**PROBLEM TO SOLVE:** Give the lines again exactly as they appear below, from the line with "2023年6月9日,市场监管" to the line with "This chawan (matcha", both included, and only those lines. Leave every picture out.

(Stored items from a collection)
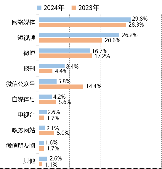 2024年,網(wǎng)絡媒體、短視頻、微博穩(wěn)居政法輿情發(fā)酵的主陣地,相關平臺產(chǎn)生的輿情數(shù)量占比累計72.7%。報刊、電視臺等專業(yè)性較強的傳統(tǒng)媒體仍占一席之地,由此發(fā)酵的輿情數(shù)量比重均有增長。相比之下,源于微博、微信公眾號與政務網(wǎng)站的輿情數(shù)量有所減少。
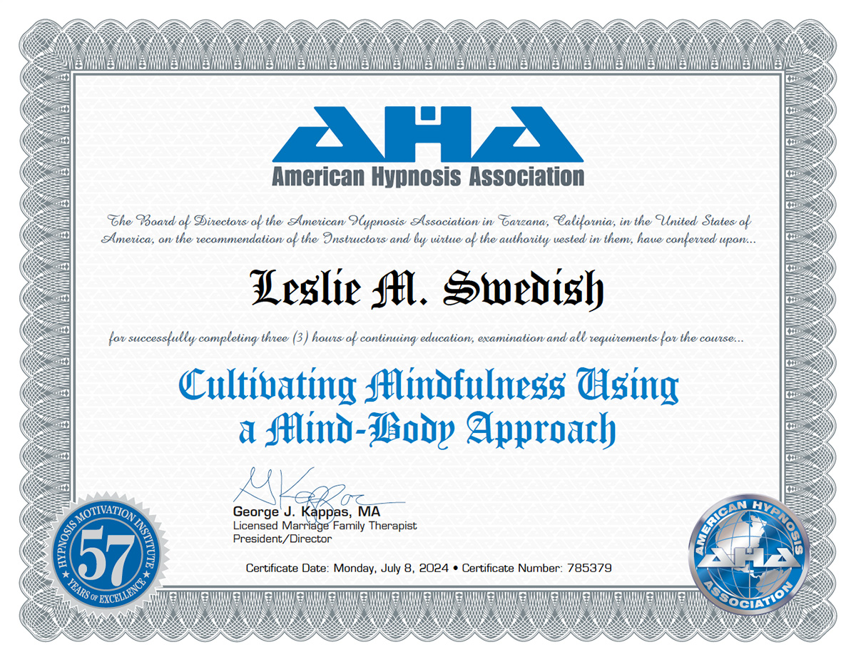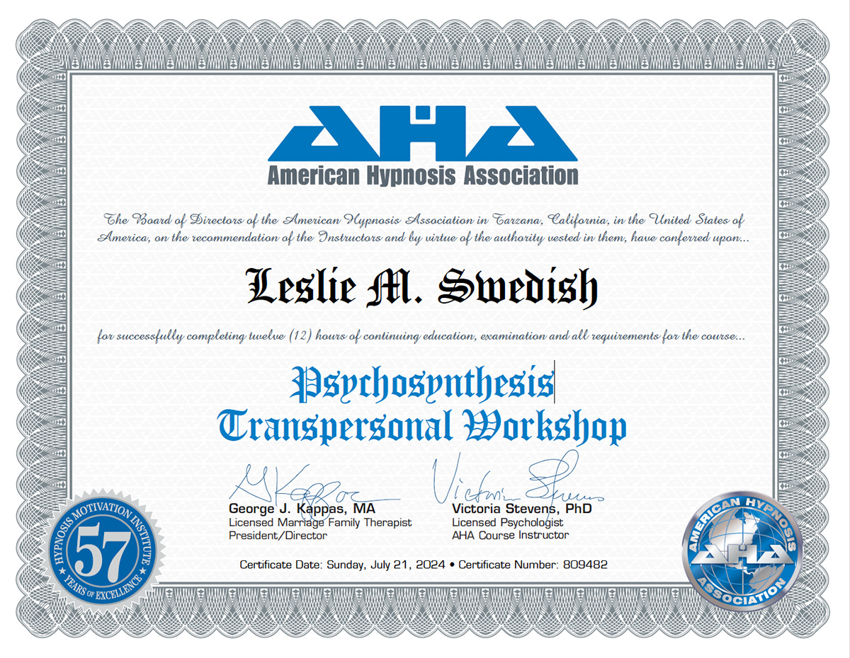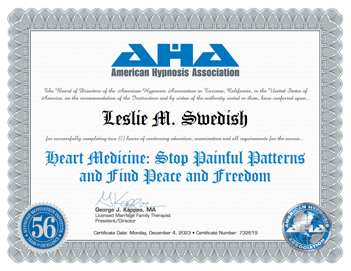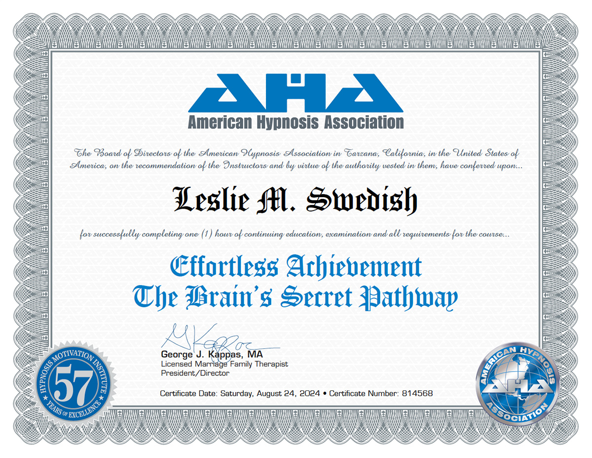 At the heart of Leslie’s work is a profound respect for the human mind’s ability to heal and rewire itself. She believes that every client arrives at exactly the right moment in their life—ready, in some way, to cross a threshold of growth. Her approach is both scientific and soulful: she integrates cognitive awareness with hypnotic states to help clients uncover their “developmental edge”—that liminal point where change begins to stir. Leslie guides her clients toward this edge gently but purposefully, allowing them to explore what’s holding them back, and helping them decide when they’re ready to step into the new.
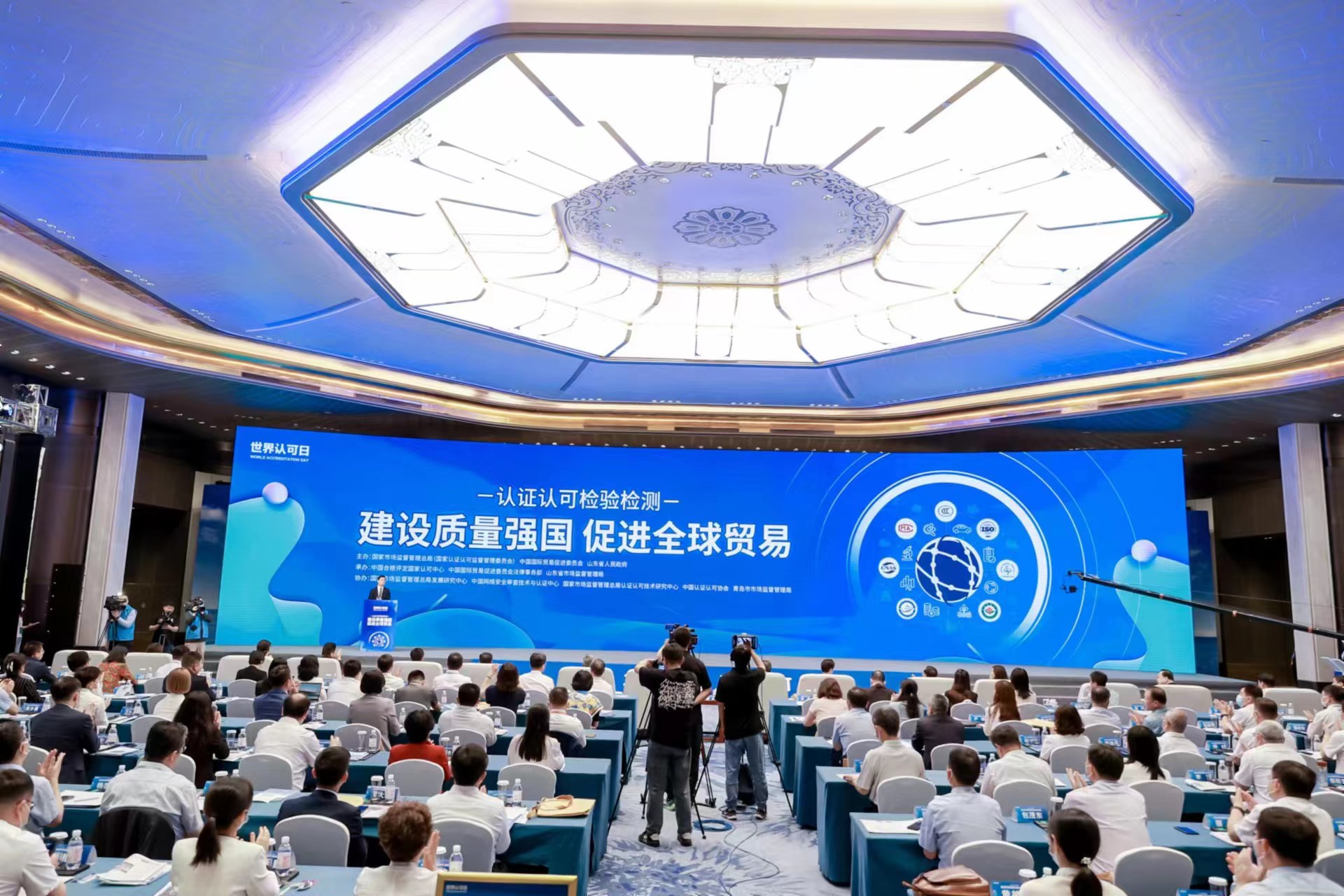 2023年6月9日,市场监管总局(国家认监委)联合中国贸促会、山东省人民政府在青岛共同举办世界认可日中国主题活动,方圆标志认证集团副总裁刘险锋受邀参加活动。活动期间,国家认监委与中国贸促会共同签署合作备忘录;发布认证认可检验检测服务“下基层、进企业、促贸易、惠民生”系列举措;认证认可检验检测从业机构共同发布《认证认可检验检测行业“建设质量强国 促进全球贸易”青岛倡议》。
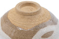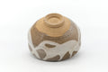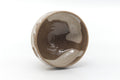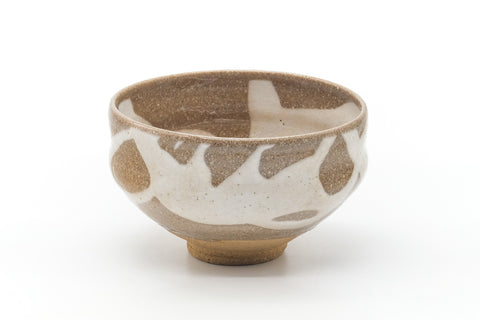 This chawan (matcha bowl) features a beige-yellow glaze decorated with an abstract white pattern.
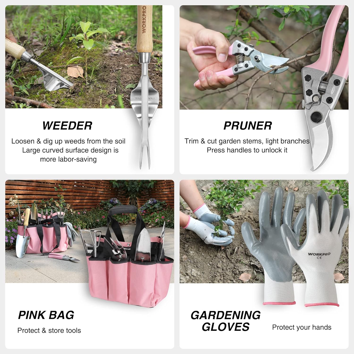 WORKPRO 8-Piece Pink Garden Tool Set, Stainless Steel Gardening Tools with Wood Handle, Including Garden Tote, Gloves, Trowel, Hand Weeder, Cultivator and More, Gardening Gifts For Women - Pink Ribbon
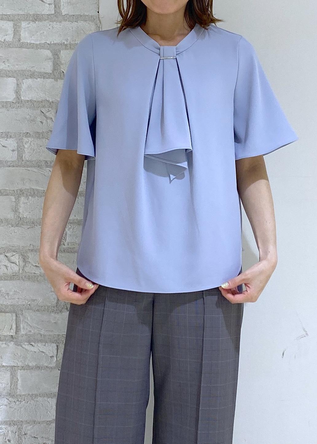 メタルパーツフロントフリルタイブラウス/通勤対応
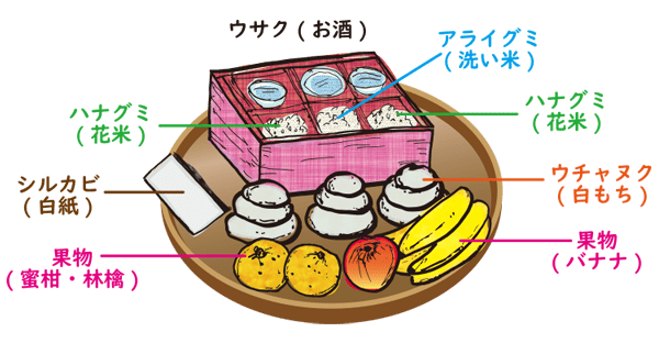 ハナグミ(花米)・アライグミ(洗い米)・ウサク(お酒)、りんごやみかんなどナイムン(果物)もお供えしてお迎えしました。
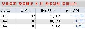 마지막으로 자동매매 감시 시스템에서 감시 중인 종목의 갯수가 10건 아래로 줄어든 것을 확인할 수 있었습니다. 이렇게 하는 것으로 10일 하루종일 상당히 많은 손절매가 있었으며, 여기서 나온 손절매 때문에 생각외로 큰 손해를 입은 것을 확인할 수 있었습니다.
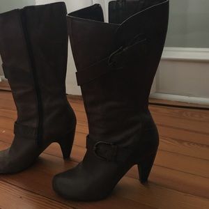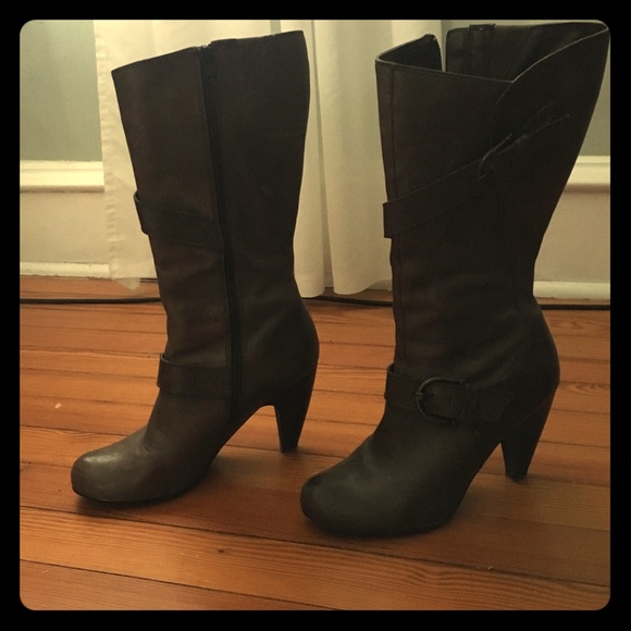 Brown leather mid calf high heeled boots. Min wear
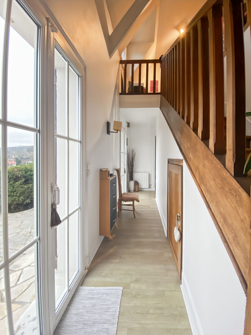Belle mezzanine surplombant le séjour faisant office de bureau, salon tv, trois chambres et une salle de douches.
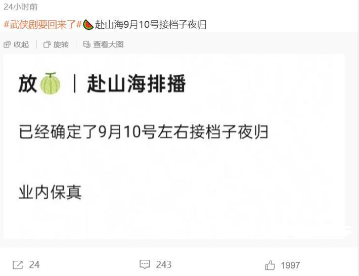 《赴山海》绝对有望成为爆剧,根据知情人士透露,这部剧很有可能会和《凡人修仙传》对打,《凡人修仙传》是杨洋主演的古装仙侠剧,如果这两部剧真的可以同期播出,热度一定会非常高。

**TASK ANSWER:**
 2023年6月9日,市场监管总局(国家认监委)联合中国贸促会、山东省人民政府在青岛共同举办世界认可日中国主题活动,方圆标志认证集团副总裁刘险锋受邀参加活动。活动期间,国家认监委与中国贸促会共同签署合作备忘录;发布认证认可检验检测服务“下基层、进企业、促贸易、惠民生”系列举措;认证认可检验检测从业机构共同发布《认证认可检验检测行业“建设质量强国 促进全球贸易”青岛倡议》。
 This chawan (matcha bowl) features a beige-yellow glaze decorated with an abstract white pattern.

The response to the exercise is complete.